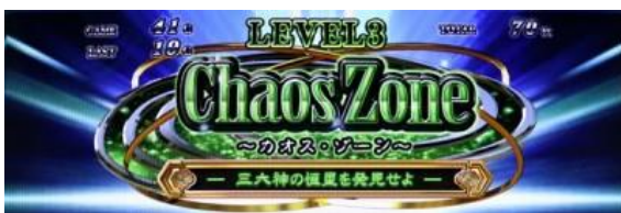
Lv3 「Chaos Zone」
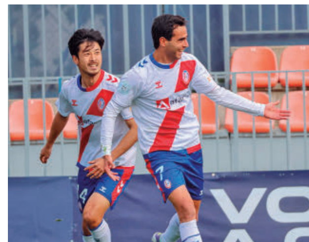
El Rayo logró el ascenso como campeón de grupo

La última jornada se jugará el 9 de mayo. Solo Getafe B y Alcalá serán locales.
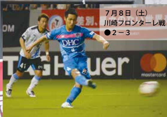
7月8日(土) 川崎フロンターレ戦 ●2-3
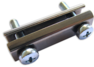
Dragavlastningskit 48 mm Art. nr. 11 478 048
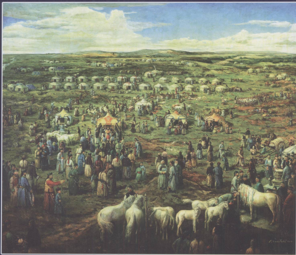
1909年成吉思汗八白宫春季大祭祀图
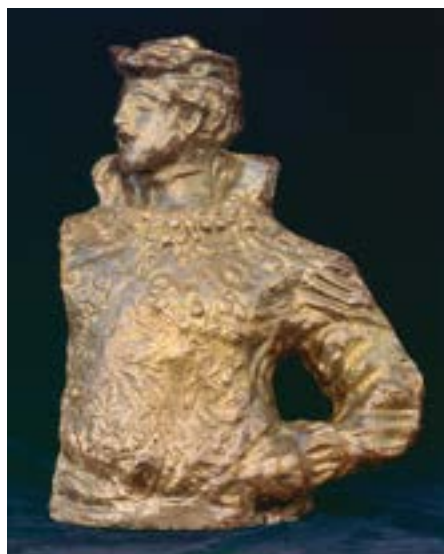
Врубель М. А. Мизгирь. 1920-е
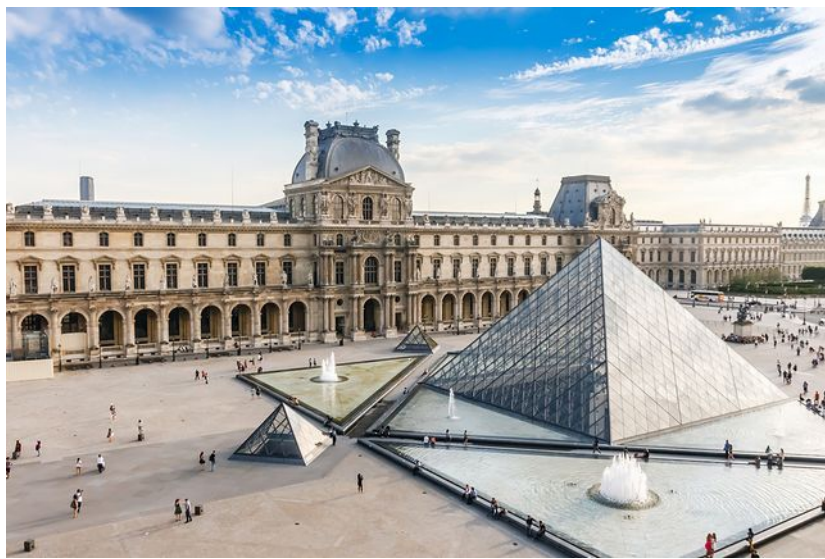
budynek Luwr w Paryżu

W Paryżu - stolicy Francji znajduje się najbardziej znane muzeum na świecie - Luwr . Początkowo było jedynie twierdzą obronną. Dziś stanowi muzeum z ponad 350 tysiącami eksponatów.
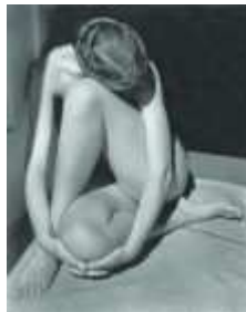
5) Nude, 1936
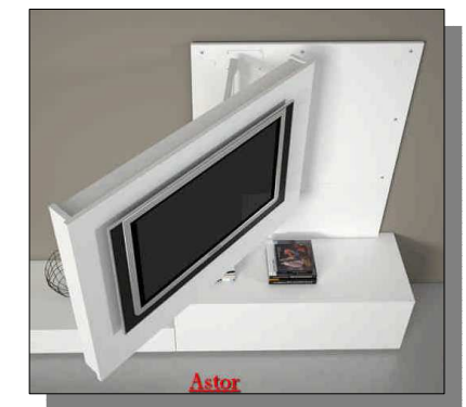
Il porta TV girevole di "Astor Mobili"
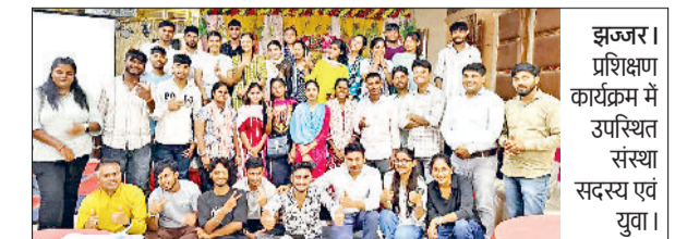
झज्जर। प्रशिक्षण कार्यक्रम में उपस्थित संस्था सदस्य एवं युवा।
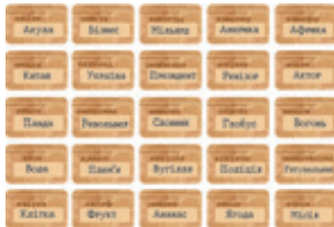
картки зі словами
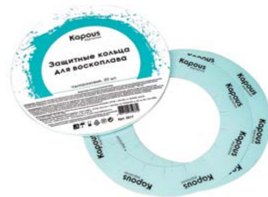
Защитные кольца для воскоплава Protective rings

Защитные кольца предназначены для предотвращения попадания расплавленного воска или разогретой сахарной пасты внутрь нагревателя и на корпус баночного воскоплава при проведении процедуры депиляции.
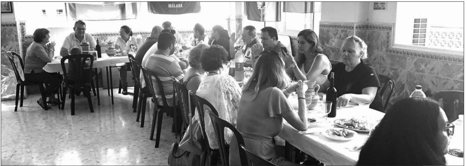
Imagen de los asistentes a esta actividad en el salón de la sede de la Peña Nueva Málaga.
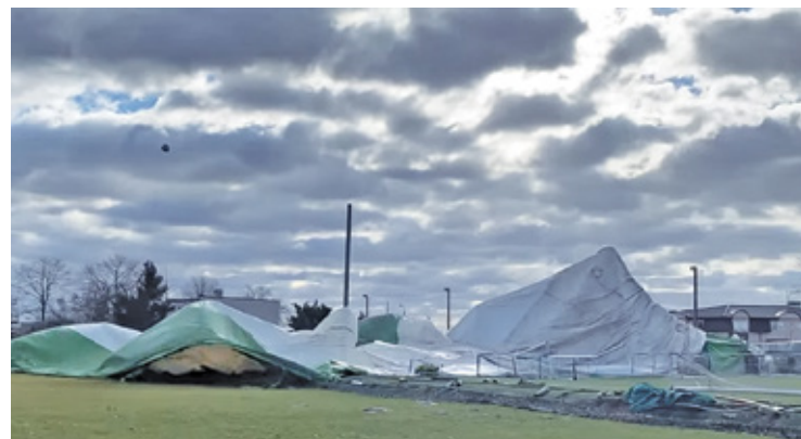
Całkowicie zniszczony balon Akademii Piłkarskiej Green Piaseczno

W 2019 roku obiekt akademii składał się z dwóch boisk trawiastych i jednego boiska ze sztuczną nawierzchnią. Właściciele z własnych środków wyposażyli AP Green w zadaszenie sztucz-
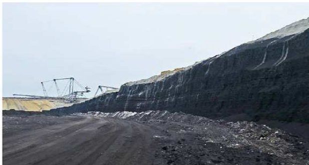
Рис. 1. Выходы пласта «Мощный», Назаровский угольный разрез Канско-Ачинский бассейн, Красноярский край.
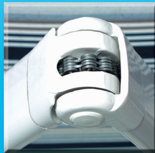
Gelenk mit extra starker Flyer-Kette
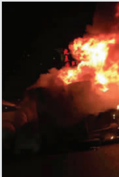
上周六,中环上一车辆因侧翻起火。
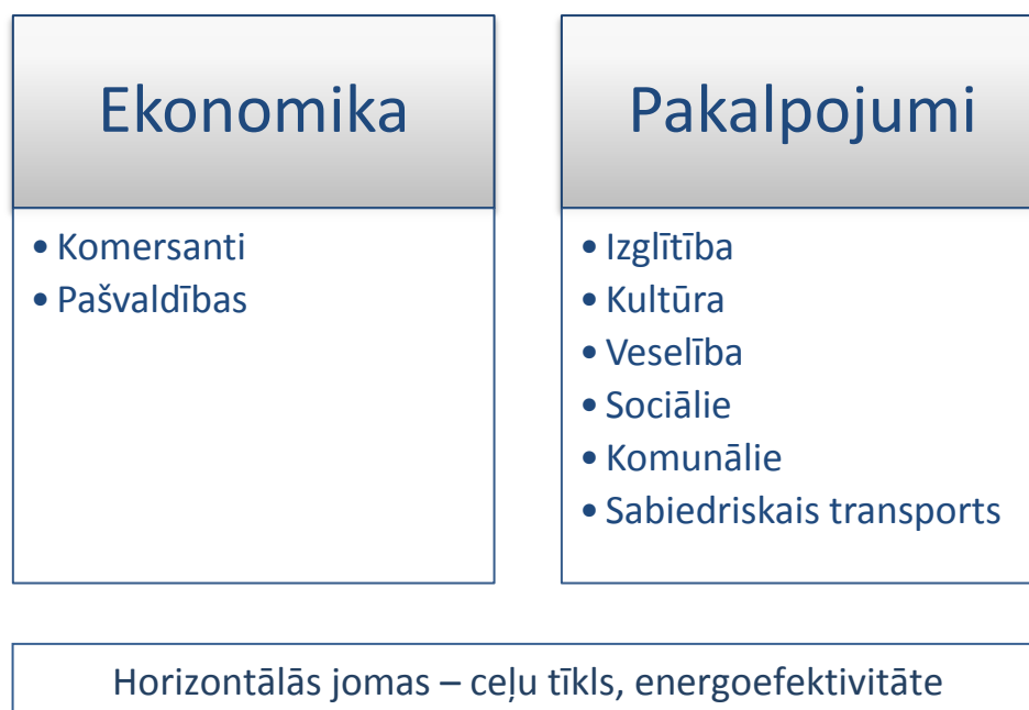
Attēls nr. 3. Uzraudzības un novērtēšanas struktūra ziņojuma ES fondu ietekme uz teritoriju attīstību ietvaros

(56) Kārtību, kādā ES fondu vadībā iesaistītās institūcijas uzrauga un izvērtē ES fondu ieviešanu, izveido un izmanto KP VIS, nosaka MK noteikumi par ES fondu uzraudzību un izvērtēšanu.

====================

*PROBLEM TO WORK ON*.
Starting at the first line of the records above, set down each line exactly through the one that holds "Защитные кольца предназначены". Omit pictures.

*RESULT FOR THIS TASK*.
Lv3 「Chaos Zone」
El Rayo logró el ascenso como campeón de grupo

La última jornada se jugará el 9 de mayo. Solo Getafe B y Alcalá serán locales.
7月8日(土) 川崎フロンターレ戦 ●2-3
Dragavlastningskit 48 mm Art. nr. 11 478 048
1909年成吉思汗八白宫春季大祭祀图
Врубель М. А. Мизгирь. 1920-е
budynek Luwr w Paryżu

W Paryżu - stolicy Francji znajduje się najbardziej znane muzeum na świecie - Luwr . Początkowo było jedynie twierdzą obronną. Dziś stanowi muzeum z ponad 350 tysiącami eksponatów.
5) Nude, 1936
Il porta TV girevole di "Astor Mobili"
झज्जर। प्रशिक्षण कार्यक्रम में उपस्थित संस्था सदस्य एवं युवा।
картки зі словами
Защитные кольца для воскоплава Protective rings

Защитные кольца предназначены для предотвращения попадания расплавленного воска или разогретой сахарной пасты внутрь нагревателя и на корпус баночного воскоплава при проведении процедуры депиляции.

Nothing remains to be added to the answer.